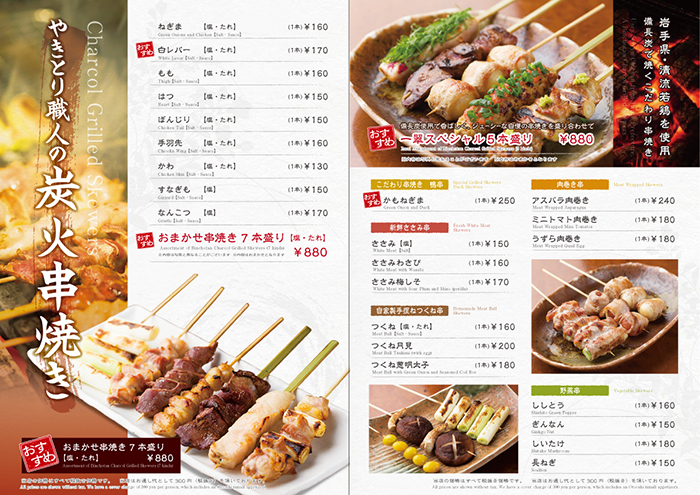 炭火やきとり「一翠」様 メニュー福岡で居酒屋・飲食店のメニュー表デザイン制作は 店舗販促応援隊。
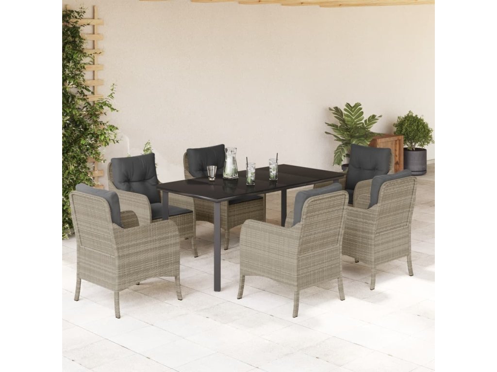 7dílný zahradní jídelní set s poduškami světle šedý polyratan [3212001]
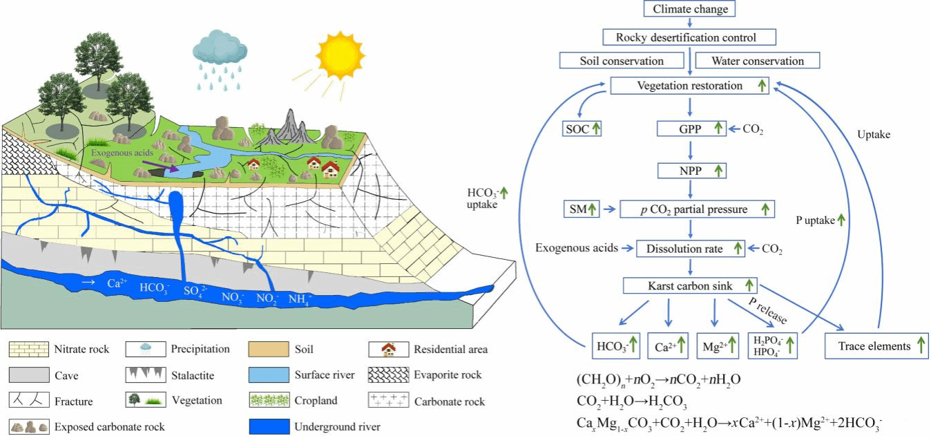 本项研究展现了beat365官网在喀斯特生态恢复与岩溶-植被碳循环领域持续增强的科研能力与学术影响力。下一步将结合多源遥感模拟反演与野外监测,构建基于空间像元尺度的外源酸作用下岩溶地质碳汇反演模拟,并耦合喀斯特区植被碳汇-土壤碳汇及脱气效应,深化喀斯特生态系统碳源汇全过程机制研究与碳中和系统评估,为喀斯特及全球生态治理提供科技理论技术支撑
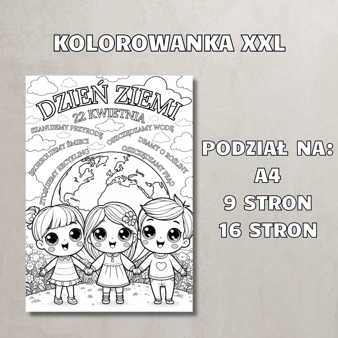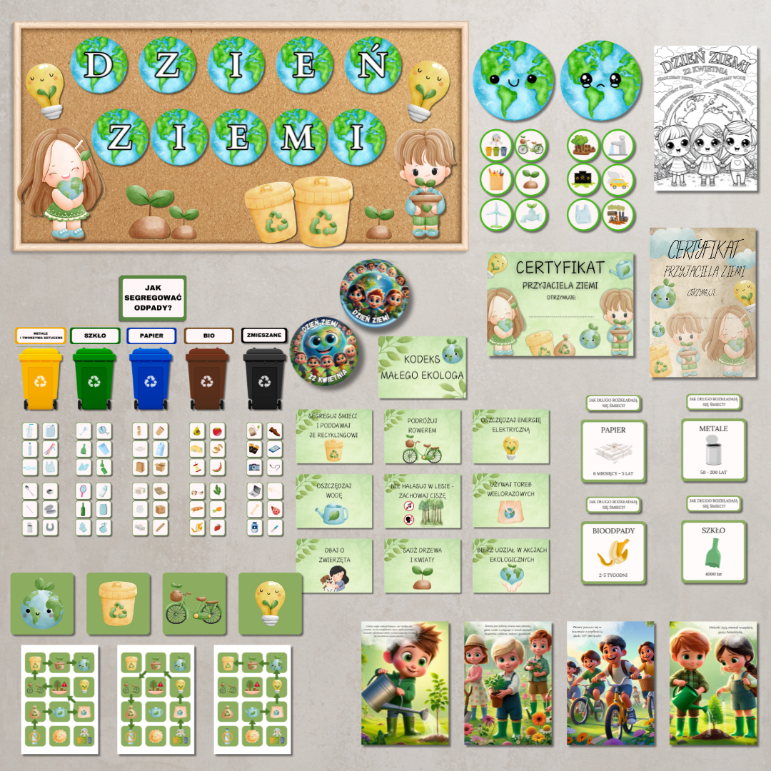Kompletny zestaw materiałów dydaktycznych i dekoracyjnych przygotowany z myślą o obchodach Dnia Ziemi (22 kwietnia) w przedszkolu, szkole lub świetlicy. Zestaw zawiera różnorodne pomoce do pracy z dziećmi – plakaty, gry, kolorowanki, karty pracy i dekoracje – wszystko w spójnej, przyjaznej szacie graficznej.
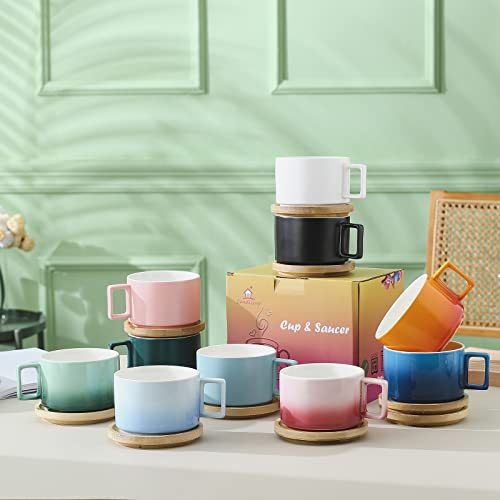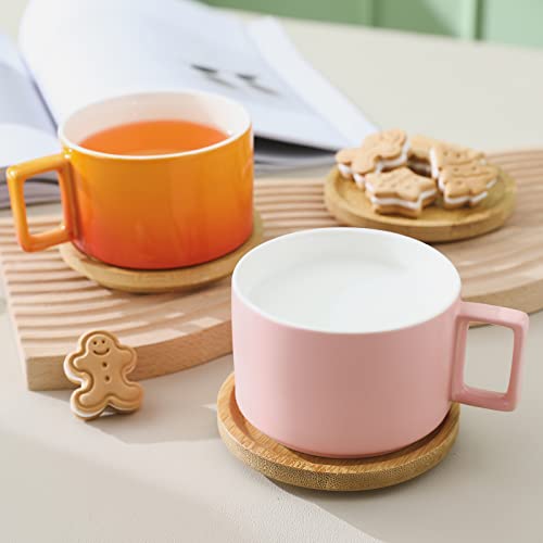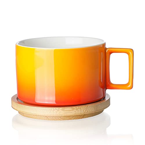 Set Tazze da Caffe Cappuccino con Piattino in Legno(310ml), Candiicap Tazzine da Caffè in Ceramica per Cappuccino, Latte Macchiato, Espresso, Americano, Tè (Arancio Tropicale)

- - - - - - -

Retype everything in the entries exactly except the pictures.

Solved exercise:
 炭火やきとり「一翠」様 メニュー福岡で居酒屋・飲食店のメニュー表デザイン制作は 店舗販促応援隊。
 7dílný zahradní jídelní set s poduškami světle šedý polyratan [3212001]
 本项研究展现了beat365官网在喀斯特生态恢复与岩溶-植被碳循环领域持续增强的科研能力与学术影响力。下一步将结合多源遥感模拟反演与野外监测,构建基于空间像元尺度的外源酸作用下岩溶地质碳汇反演模拟,并耦合喀斯特区植被碳汇-土壤碳汇及脱气效应,深化喀斯特生态系统碳源汇全过程机制研究与碳中和系统评估,为喀斯特及全球生态治理提供科技理论技术支撑
Kompletny zestaw materiałów dydaktycznych i dekoracyjnych przygotowany z myślą o obchodach Dnia Ziemi (22 kwietnia) w przedszkolu, szkole lub świetlicy. Zestaw zawiera różnorodne pomoce do pracy z dziećmi – plakaty, gry, kolorowanki, karty pracy i dekoracje – wszystko w spójnej, przyjaznej szacie graficznej.
 Set Tazze da Caffe Cappuccino con Piattino in Legno(310ml), Candiicap Tazzine da Caffè in Ceramica per Cappuccino, Latte Macchiato, Espresso, Americano, Tè (Arancio Tropicale)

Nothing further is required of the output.